Material Processes and Equipment

(A) Stamping and metal forming processes. Projects selected in the first MVMT solicitation targeted the precision and agility of stamped sheet metal parts on the scale of body components. The second MVMT solicitation will extend these advances to small precision parts, such as springs and fasteners. These industries, which consist of thousands of small family-operated businesses across North America, faces the same basic issues as the manufacturers in the higher profile industries: the need to increase productivity and quality, and to lower changeover times and overall costs. The equipment that produces these parts uses fundamental technology developed in the first half of this century. This technology will have to be enhanced significantly to meet future competitive global challenges in this industry. Targets of opportunity include technologies for imbedding sensors in tools and processes, increasing productivity (by an order of magnitude) of the more flexible CNC bending and forming technologies, closed-loop real-time monitoring and control systems for in-process self-corrective action, increasing productivity (by an order of magnitude) of press and slide forming processes, and the development of material handling systems to support these process improvements.

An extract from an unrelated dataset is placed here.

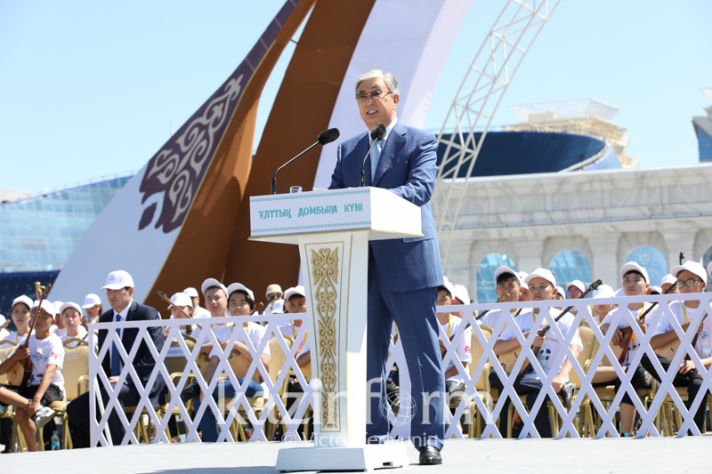 "Бүкіл халқымыз осы шуақты мерекені айрықша қуанышпен тойлайды. Себебі қазақ пен домбыра егіз ұғым. Ақын Қадыр ағамыз қасиетті домбырамызды "нағыз қазақ" деп жырлаған. Күмбірлеген домбыраның үні батырларымызға рух, ақындарымызға шабыт берген. Домбыра әрбір қазақтың рухын көкке көтеретін құнды қазынамыз бола беруі тиіс",- деді Қасым-Жомарт Тоқаев.

(B) Advanced Machining. The first MVMT solicitation targeted the machining of discrete prismatic parts, including such powertrain components as engine blocks, heads, transmission cases, and crankshafts. Newer automobile and aircraft engines, diesel engines, and hundreds of other products require exceedingly high tolerances in order to function properly. The targets of opportunity in machining for the second MVMT solicitation include reconfigurable machining systems with increased precision for producing high-volume parts. Competitiveness will be advanced by agile transfer lines using modular units that can be quickly assembled or disassembled based on market demand. These systems must support increased cutting speed and feed rates, real-time error correction capabilities, the generation and validation of cutting paths directly from computer-aided-design data, intelligent process monitoring and control capabilities, and responsiveness to changes measured in situ during the machining process.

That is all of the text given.